EXERCISE PROMPT
Retype nothing except the lines below from the one with "With the Stencil1" through the one with "- Your A/B test", exactly, with images left out.

DATA TO EXAMINE
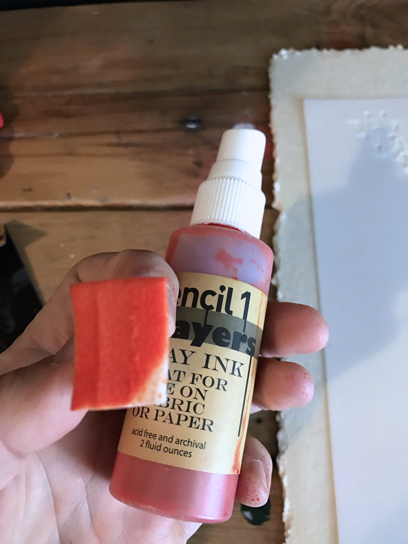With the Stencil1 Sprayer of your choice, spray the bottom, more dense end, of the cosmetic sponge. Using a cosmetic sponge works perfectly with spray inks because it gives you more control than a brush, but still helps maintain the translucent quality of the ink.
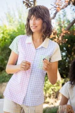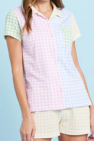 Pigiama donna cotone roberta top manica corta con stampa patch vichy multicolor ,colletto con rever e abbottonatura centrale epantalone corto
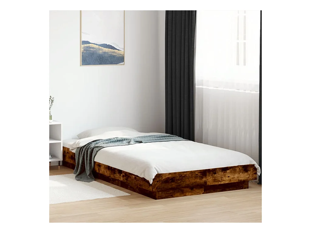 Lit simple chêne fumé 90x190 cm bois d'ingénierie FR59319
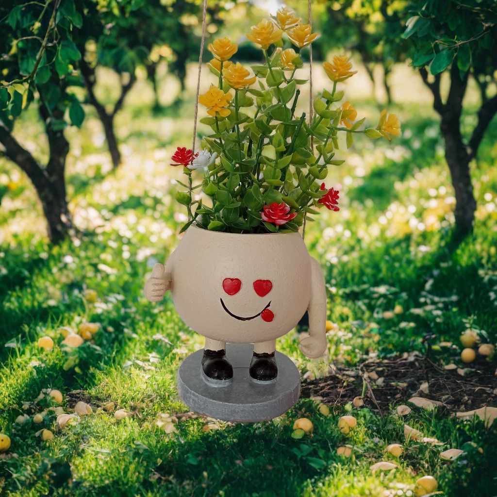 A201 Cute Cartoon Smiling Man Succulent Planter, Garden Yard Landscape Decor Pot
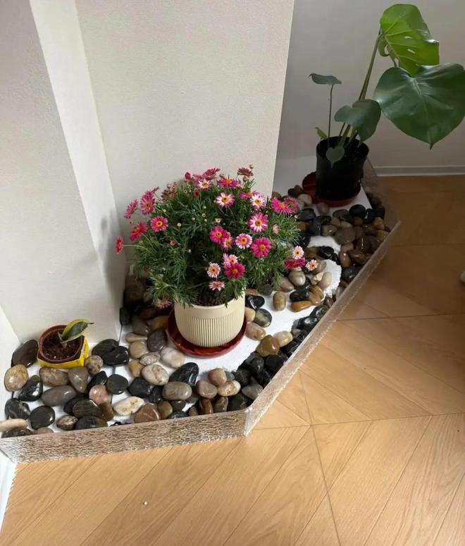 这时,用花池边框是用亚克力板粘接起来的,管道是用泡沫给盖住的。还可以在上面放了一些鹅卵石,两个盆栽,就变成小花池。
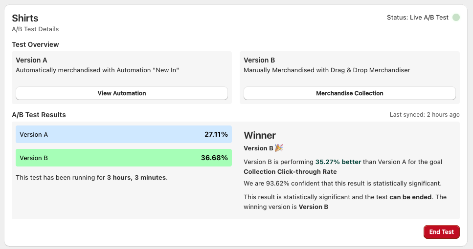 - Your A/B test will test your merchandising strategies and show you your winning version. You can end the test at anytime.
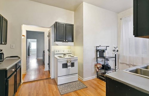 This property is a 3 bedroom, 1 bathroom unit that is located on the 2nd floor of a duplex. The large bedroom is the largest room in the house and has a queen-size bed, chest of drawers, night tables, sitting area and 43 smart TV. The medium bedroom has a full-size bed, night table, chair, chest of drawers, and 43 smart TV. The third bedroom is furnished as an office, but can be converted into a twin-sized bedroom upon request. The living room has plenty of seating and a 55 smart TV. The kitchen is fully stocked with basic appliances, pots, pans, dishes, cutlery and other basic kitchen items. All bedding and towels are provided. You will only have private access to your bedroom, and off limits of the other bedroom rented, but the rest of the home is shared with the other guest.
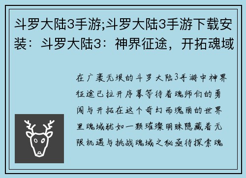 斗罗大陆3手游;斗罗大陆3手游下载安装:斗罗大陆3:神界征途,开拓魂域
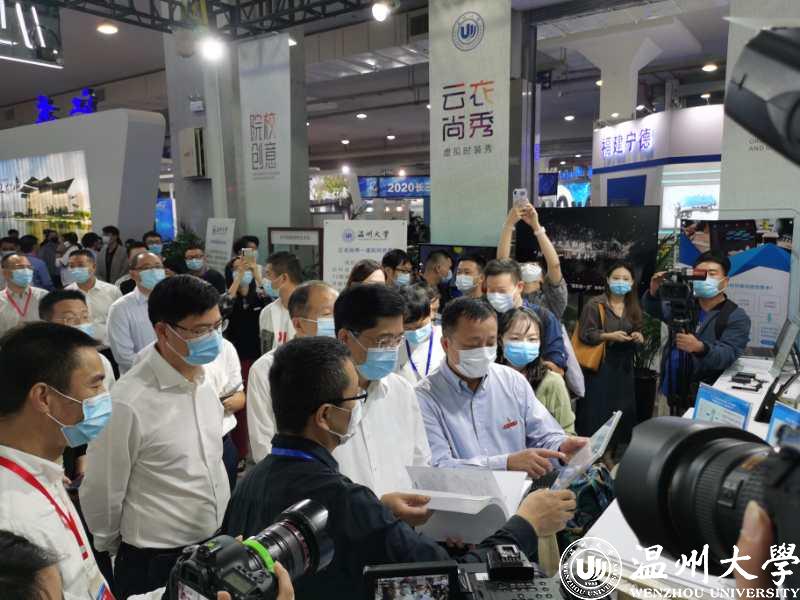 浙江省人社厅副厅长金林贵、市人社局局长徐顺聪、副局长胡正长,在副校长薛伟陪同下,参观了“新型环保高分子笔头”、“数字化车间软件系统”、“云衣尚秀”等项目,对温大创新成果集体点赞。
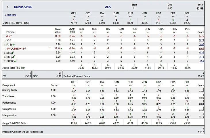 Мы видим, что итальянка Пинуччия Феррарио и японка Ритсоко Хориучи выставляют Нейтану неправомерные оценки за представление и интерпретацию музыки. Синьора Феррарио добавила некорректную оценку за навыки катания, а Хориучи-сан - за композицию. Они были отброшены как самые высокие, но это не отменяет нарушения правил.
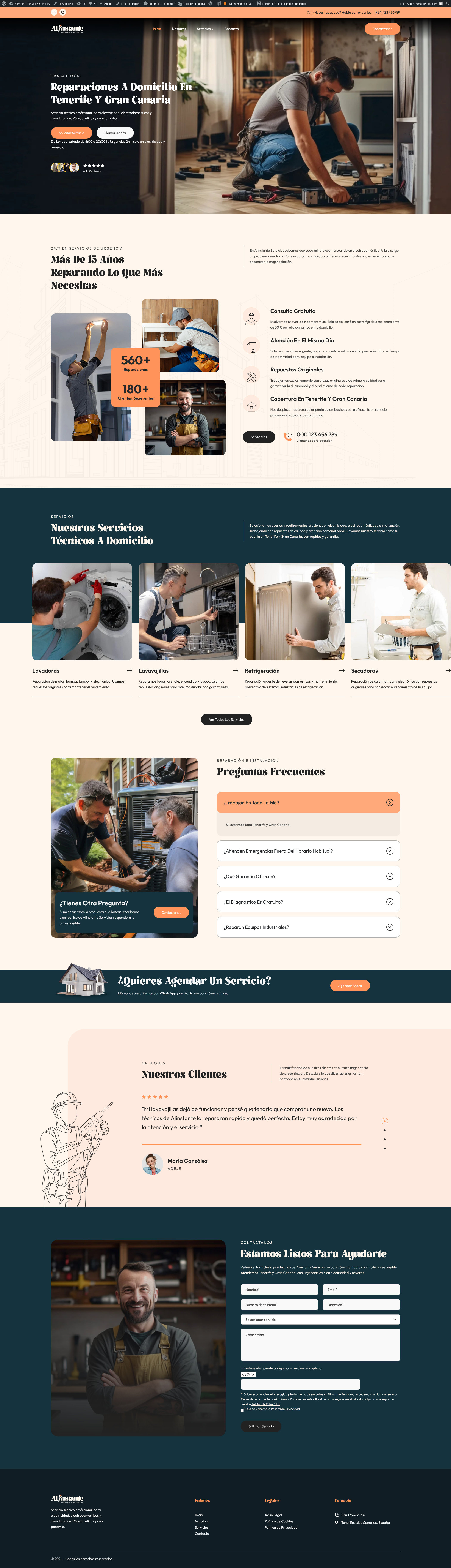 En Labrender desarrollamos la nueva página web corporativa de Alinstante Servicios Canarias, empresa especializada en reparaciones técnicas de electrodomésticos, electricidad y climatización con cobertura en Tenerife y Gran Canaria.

==

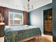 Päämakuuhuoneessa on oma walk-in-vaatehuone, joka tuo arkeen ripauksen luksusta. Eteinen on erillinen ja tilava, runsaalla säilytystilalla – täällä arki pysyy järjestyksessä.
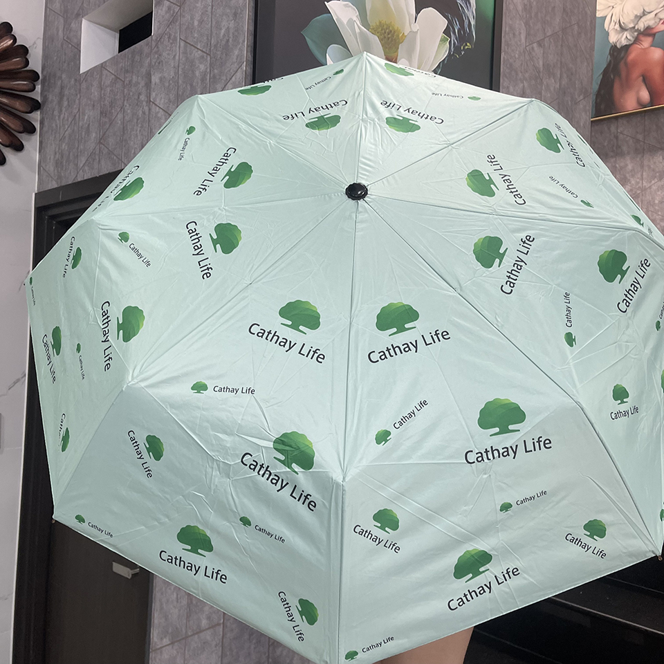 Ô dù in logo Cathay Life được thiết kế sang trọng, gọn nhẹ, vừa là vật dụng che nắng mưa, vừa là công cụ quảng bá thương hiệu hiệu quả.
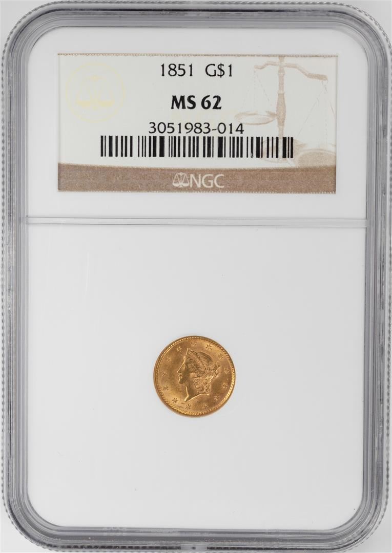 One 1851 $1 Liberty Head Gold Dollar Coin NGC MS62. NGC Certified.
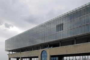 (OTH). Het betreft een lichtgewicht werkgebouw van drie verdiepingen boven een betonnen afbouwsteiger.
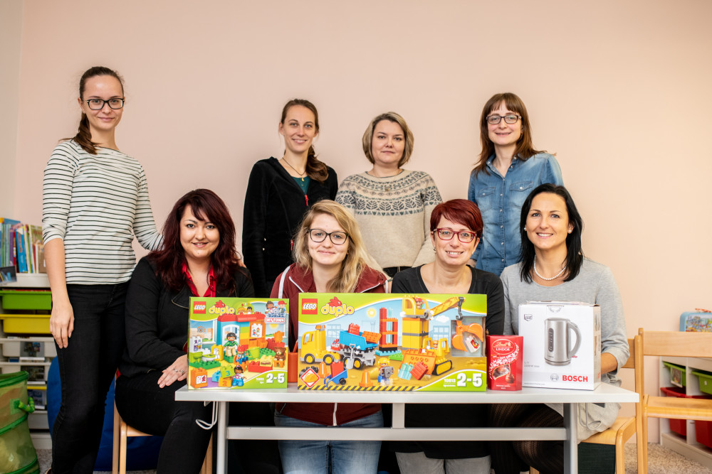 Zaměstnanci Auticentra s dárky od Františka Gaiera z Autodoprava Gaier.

PROBLEM SOLUTION
With the Stencil1 Sprayer of your choice, spray the bottom, more dense end, of the cosmetic sponge. Using a cosmetic sponge works perfectly with spray inks because it gives you more control than a brush, but still helps maintain the translucent quality of the ink.
 Pigiama donna cotone roberta top manica corta con stampa patch vichy multicolor ,colletto con rever e abbottonatura centrale epantalone corto
 Lit simple chêne fumé 90x190 cm bois d'ingénierie FR59319
 A201 Cute Cartoon Smiling Man Succulent Planter, Garden Yard Landscape Decor Pot
 这时,用花池边框是用亚克力板粘接起来的,管道是用泡沫给盖住的。还可以在上面放了一些鹅卵石,两个盆栽,就变成小花池。
 - Your A/B test will test your merchandising strategies and show you your winning version. You can end the test at anytime.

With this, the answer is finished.